Thankfully, the news is not all grim when it comes to systemic support. There are pockets of Individual leaders in K-12 education, and we are finding them, or finding each other, as it may be. These Individuals tend to resonate with the OYO philosophy underpinning our efforts, and want to see more self-responsibility, personal accountability, motivation and technical literacy enter their schools and classrooms. The ideas have spreading powers... even reluctant teachers become participants once they see kids learning in this way, and have skills in their classes that raise the bar on whats possible.
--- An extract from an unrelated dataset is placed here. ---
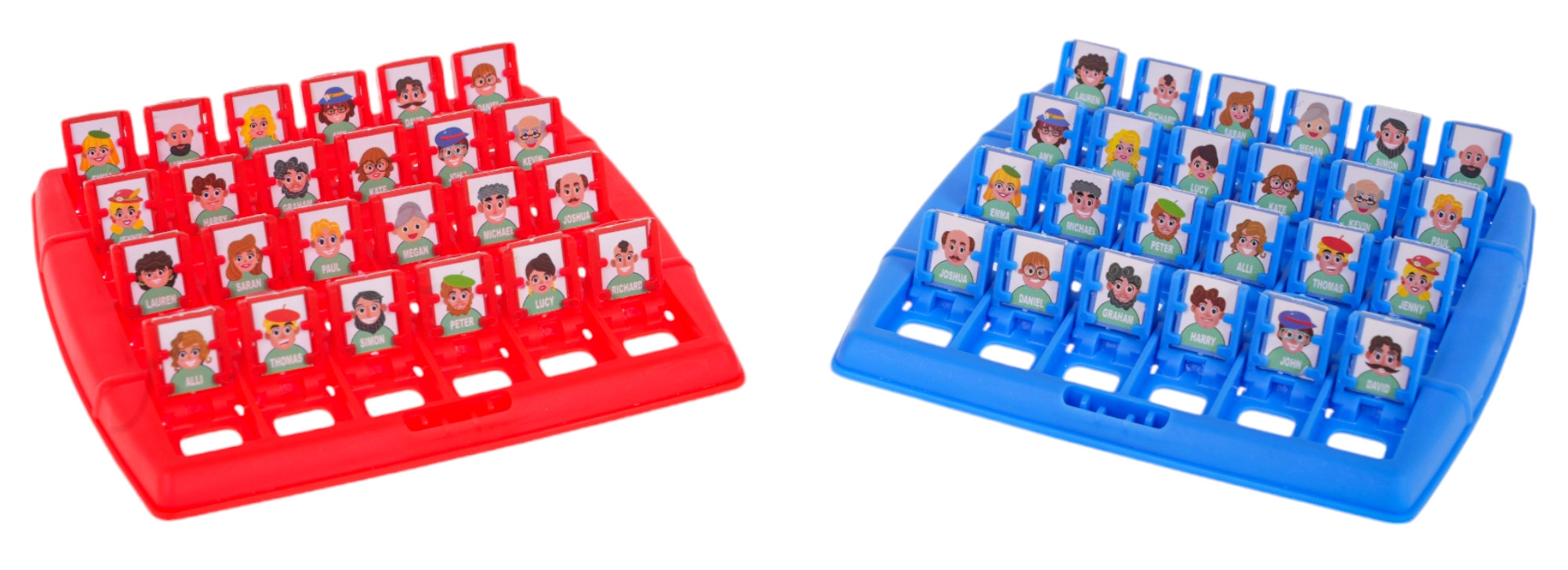 Oblíbená hádací hra pro 2 hráče. Každý hráč má svou planžetu s výklopnými okénky a tajně zvolenou postavou. Pomocí promyšlených otázek s odpovědí „ano“ nebo „ne“ postupně zužujete výběr, až správně uhodnete, koho si soupeř vybral. Varianta Pingwin přináší svěží design a zábavu pro celou rodinu.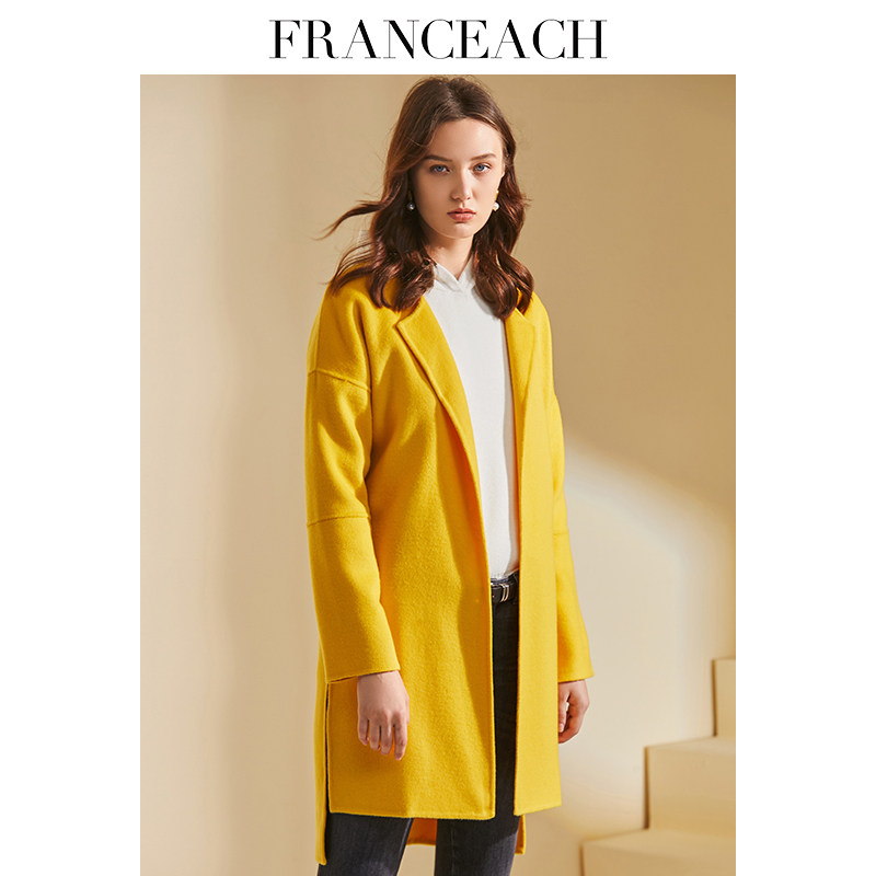 品牌女装双面呢大衣女黄色双面绒羊毛呢子大衣女毛呢外套中长款冬

Our students at kidOYO do not put their data in places like Facebook, and openly consider the ramifications of this companies purchase of tools like Whats App and Oculus Rift in terms of their participation. They evaluate the choices of developer leaders like Markus Persson "Notch" to sell out on his values and dispose of his creation to Microsoft after well-stated positions they came to respect as fellow creators. The nuance of their considerations trump most adults, and their pace of learning will dominate most classrooms.
Learning to code is about exactly this kind of self-empowerment. It represents a skill-set that omits the need for permission from experts to get started, and it enables a learning process under the control of kids as Individuals. This is the revolutionary outcome that learning to code is enabling. Methods matter, and structure yields results... learning what that means will affect the choices that young people make for the rest of their lives, and many kids who think they are "learning CS" in their classes will one day meet peers that 'OYO' skills and realize that not all methods are equal, and we are not all having the same experience... and we don't want to either.
Life is competitive... education is competitive too. Despite many educators not wishing to engage a competitive marketplace of ideas, and instead seeking collaboration that justifies the stability of their own embedded positions (way too common)... the future will yield results based on the way in which Individuals interact with learning choices. The real world is our laboratory, and every classroom should be measured by how much of that real world is visible from within its boundaries.
Around here... the real world is our only classroom. As a distributed effort, this influences everything we do, and every method we use to do it. We are not pursuing the same goals as other efforts in our periphery, we do not use the same methods, and we are not trying to dominate the world and serve "Every" or "All"... we only serve Individuals, and we only work with the schools that want to work with us and have the capability to meet us at a literate starting point. We turn down relationships with organizations that lack functional leadership, and focus our priorities on serving illiteracy by overcoming it with personal effort.
Our results speak for themselves. Without support, marketing or fanfare... our efforts are thriving and our students are becoming the leaders in our local communities. That is why we exist. And parents are the reason that will continue to be true.